Gerechtfertigter Streik

Die Eisenbahnergewerkschaft EVG streikt an einem Montagmorgen und in der Bevölkerung kippt die Solidarität. Dabei hat die Bahn den Streik verursacht und ist auch für die Folgen verantwortlich. Ein Kommentar.
Die Bahnen fallen aus und der Blutdruck steigt. Natürlich kann man kritisieren, dass die EVG den Warnstreik für ihre 160.000 Beschäftigten erst am Samstag angekündigt hat, an dem Tag, als die Tarifparteien in Hannover ohne Ergebnis auseinander gegangen waren. Viele Pendler waren am Montagmorgen folglich überrascht davon, dass ihr Zug tatsächlich nicht fuhr. Dreist sei so etwas, hört man allerorten. Dreist und unverschämt sei die Maßnahme der EVG, für eine solche Aktion ausgerechnet den Montag anzusetzen.
Nein, es ist nicht dreist, den durch Inflation verursachten Reallohnverlust der vergangenen Tarifrunden ausgleichen zu wollen. Dreist ist es zu fordern, man möge doch gefälligst nicht am Montagmorgen streiken, also dann, wenn man selbst die Bahn braucht, um pünktlich am Arbeitsplatz zu sein. Dafür könne man doch bitte auch das Wochenende nutzen. Ein Wochenende, das es für viele der jetzt Streikenden in dieser Form übrigens nicht gibt. Sie alle arbeiten potentiell rund um die Uhr in dem Unternehmen, das nach den Wünschen der Politiker das Verkehrsmittel der Zukunft sein soll. Dann haben sie auch ein Anrecht darauf, anständig bezahlt werden.
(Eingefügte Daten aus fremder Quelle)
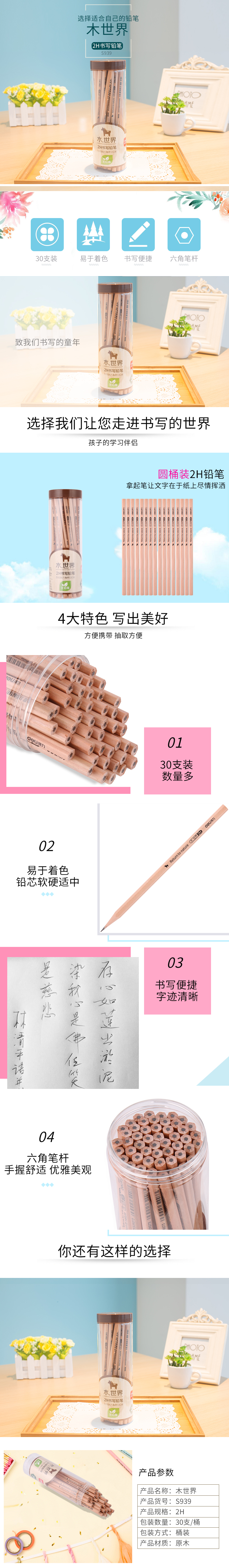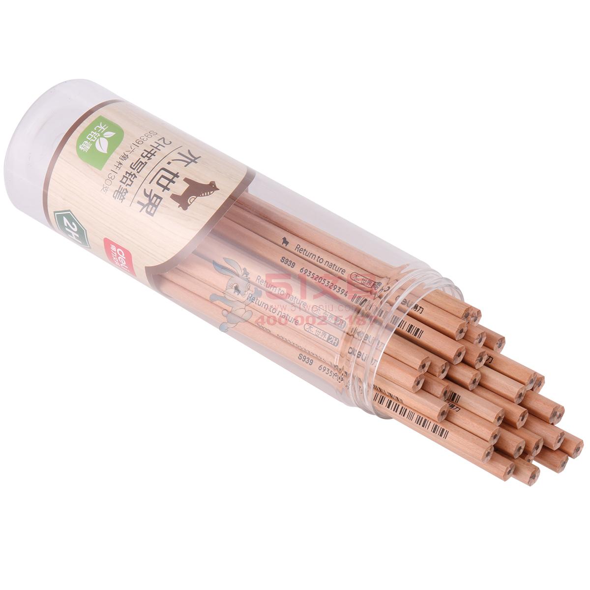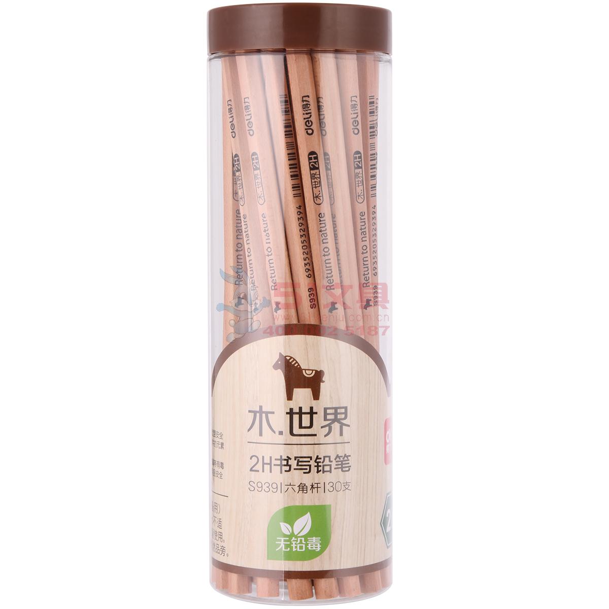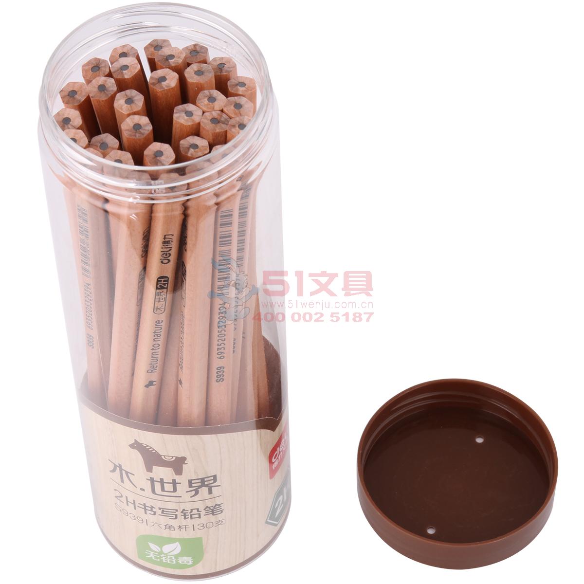 得力S939,铅笔铅笔花格木原木桶装六角无毒学生写字铅笔

Das Image der Bahn leidet zurecht
Den Angestellten der EVG sollten keine Vorwürfe gemacht, sondern vielmehr Solidarität entgegengebracht werden. Wären in der Vergangenheit die Löhne und Gehälter bei der Bahn auch nur annähernd analog zu den Fahrpreisen gestiegen, hätte es diesen Streik wohl kaum gegeben. Und die Pendler hätten sich nicht ereifert, wenn sie ausnahmsweise mal nicht wegen der üblichen technischen Probleme zu spät am Arbeitsplatz erscheinen, sondern wegen etwas, wofür man durchaus mal für ein paar Stunden für etwas Lohnendes aus der eigenen Komfortzone heraus kann.
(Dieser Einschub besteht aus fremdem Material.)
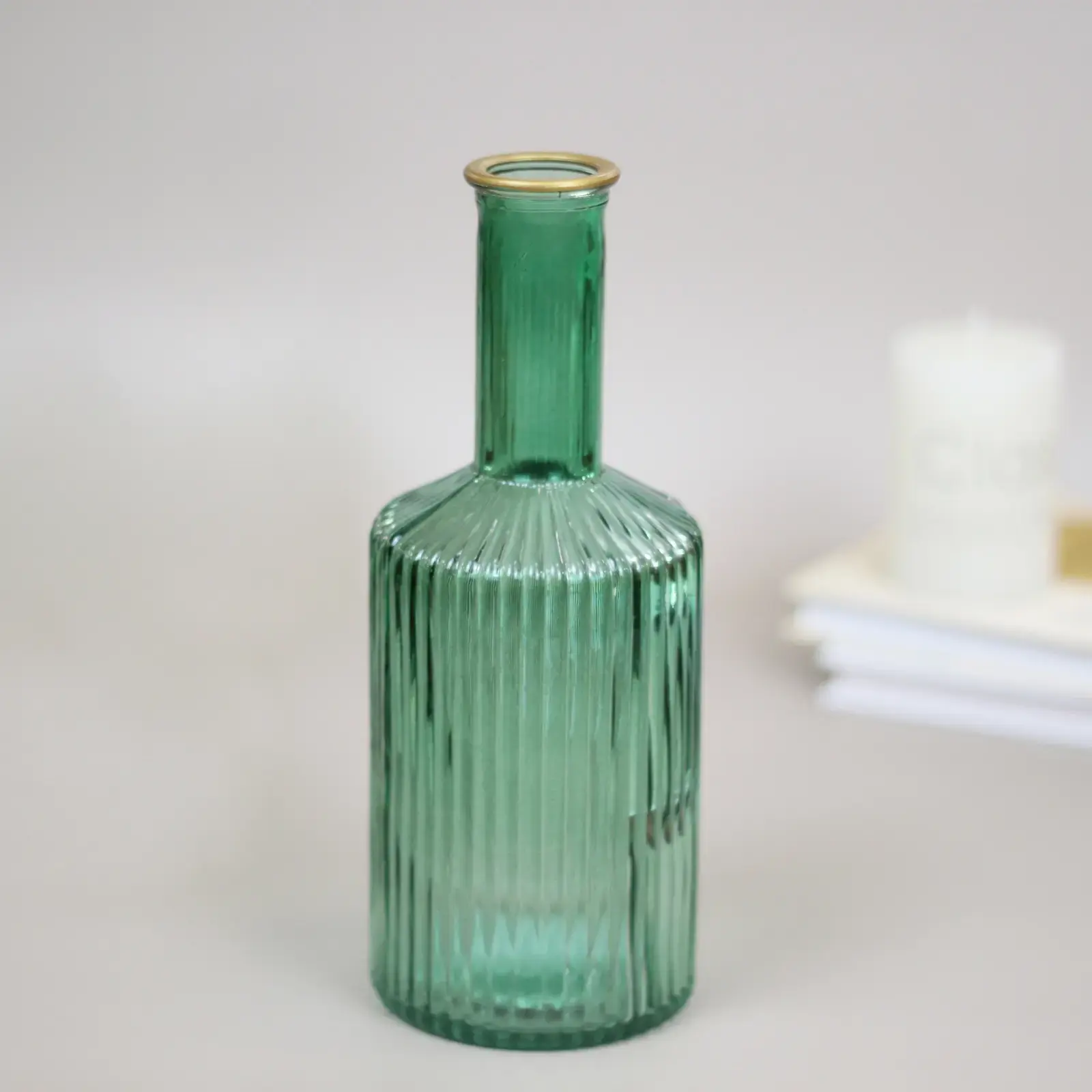 Ваза стеклянная "Амфора" 21,5x8см, зелёная, рифлёная с золотым ободком

Das Image der Bahn leidet unter diesem Streik natürlich schon – allerdings keinesfalls mehr, als durch die täglichen Verspätungen und Ausfälle, an die sich diejenigen, die täglich mit der Bahn zur Arbeit fahren, längst gewöhnt haben. Diese Probleme haben übrigens weniger die Streikenden zu verantworten als vielmehr deren Bosse. Das Image-Problem hat die Bahn folglich nicht der EVG zu verdanken, sondern sich selbst.